The Washougal River is a priority conservation area for the Land Trust, which sees this property as a unique opportunity to both conserve a large forest in an area threatened by development and remove a dam in a watershed valuable for habitat, recreation, and clean drinking water.
“Everyone sees a little bit of what they love in this project,” says Cherie Kearney, forest conservation director for the Land Trust. “For some it’s the process of removing a dam and making the ecosystem whole, for others it’s about habitat and fish, seeing salmon return to their ancient spawning grounds, and for others it is the continuation of sustainable forestry practices on the surrounding landscape that contributes to the local economy.”
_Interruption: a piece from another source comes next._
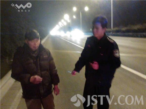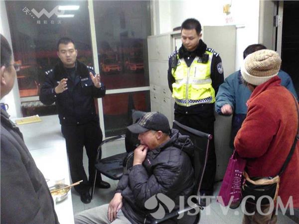 原来1月16日20点时许,外面寒风凛冽,有些许小雨飘落,高速二大队民警陈飞、肖安东和辅警肖建在巡逻至北向南马群路段时,在昏暗的灯光中隐约看到一个人影在快车道走动,由于路面湿滑气温低,部分路段已形成冰渣,车辆难以有效制控。情况危急,民警赶紧下车查看情况,看到一名七旬老人在寒风中蜷缩着前行,赶紧将他带到路边询问情况,可对于民警的提问老人却没有反应,只是瑟瑟发抖,于是民警先行将老人带上警车带回大队。带回大队后,民警给老人倒上了热水、打来了热饭菜,等老人稍微暖和点之后,耐心地询问老人的情况,可是获得的有效信息却也不多,只从老人支离破碎的言语中得到了几个名字。于是民警利用警务平台展开地毯式地找寻,终于在报警平台中找到了一条走失报警信息与老人的名字相符,原来老人在16号上午与家人失联,已经独自在外行走了9个多小时,一直从鼓楼区华侨路走到了绕城公路马群路段。在与老人的家人取得联系后,大约半个小时老人的老伴、妹妹和侄子来到了高速二大队,他们为表达感激之情就发生了上述的一幕。最后高速二大队副大队长李庆杰又给他们做个温馨提示,要他们在老人的身上用针线缝上姓名和联系方式,以防老人再次走失,方便好心人联系。

In 1965, the Camp Fire organization built Kwoneesum Dam at the confluence of three creeks in order to create a recreational lake for a new girls’ camp. In the late 1980s, the camp closed, and the land was sold to an industrial timber company. Today the dam persists, blocking threatened Coho salmon and steelhead from seven miles of upstream tributaries while also holding back valuable sediment from downstream fish habitat. The shallow, stagnant lake created by the dam increases the river system’s water temperature, which also hinders fish and other wildlife.
The Cowlitz Indian Tribe’s Natural Resources Department had been doing restoration work elsewhere on the Washougal River and knew that the dam was a single barrier imperiling the ecological health of the entire system and the recovery of culturally important salmon and steelhead. Columbia Land Trust formed a partnership with the Tribe based on the shared vision of a restored and revitalized Washougal watershed: The Land Trust would build support to purchase the 1,300 acres of forestland that includes Kwoneesum Dam, and the Tribe will play a leading role in raising the funds for restoration and dam removal.
“It’s very hopeful to have partners like the Land Trust available for the Tribe,” says Bill Iyall, Cowlitz Indian Tribe Chairman. “We have similar missions: we want to take care of the land and we want people to be reconnected with the land.”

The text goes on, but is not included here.